Review

Amy Yao's art of contamination: Not everything is as perfect as it seems

Amy Yao’s curious exhibition at Various Small Fires starts in the gallery’s outdoor courtyard where a black, snail-like device sits atop an oil drum. The gallerist tells me it is a foam-maker, and would I like him to make me some foam?

Of course I say yes, and the device’s drooping black tube springs to life, spewing a torrent of frothy soap bubbles that accumulate on the gravel-like snow. It’s wonderful and ridiculous and just feels wrong, this needless spewing of cleaning product.
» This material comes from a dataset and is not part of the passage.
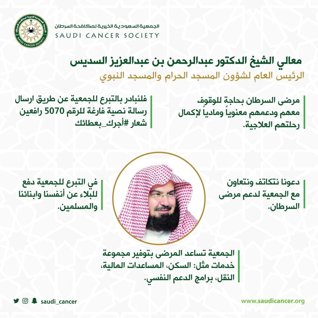 ونوه معالي الشيخ السديس إلى أن الجمعية السعودية الخيرية لمكافحة السرطان مصدر موثوق للتبرع لهم، ومن خلالهم يتم دعم مرضى السرطان، وذلك عن طريق التبرع بإرسال رسالة SMS فارغة الى الرقم (5070) للتبرع بمبلغ 10 ريالات، وللتبرع بمبلغ 12 ريالاً شهرياً ارسل الرقم 1 الى (5070).

As it seeps into the ground, I feel a little guilty.

Contamination, however, is Yao’s stated theme, and the rest of the exhibition similarly mixes the industrial and the domestic in unholy ways. Shiny plastic Easter eggs wink grotesquely from a white plastic bucket of murky peanut oil. Artificial flowers burst, lively but not alive, from an opening cut in the drywall.

A nearly 4-foot-tall pyramid of rice, adulterated with fake plastic rice and real and fake pearls, sits in the center of the beige-carpeted main gallery, where you are encouraged to remove your shoes, as if entering someone’s home. A thick gray “towel” hangs nearby on a towel bar; it is made of lead, which might protect you from radiation but is also not a safe material with which to wash your face.

And did I mention that the room is littered with cast rubber brains and bones?

In the rear gallery, a diffuser issues a familiar scent: burning plastic. That must be the smell of plastic rice cooking, or art in the age of cancer.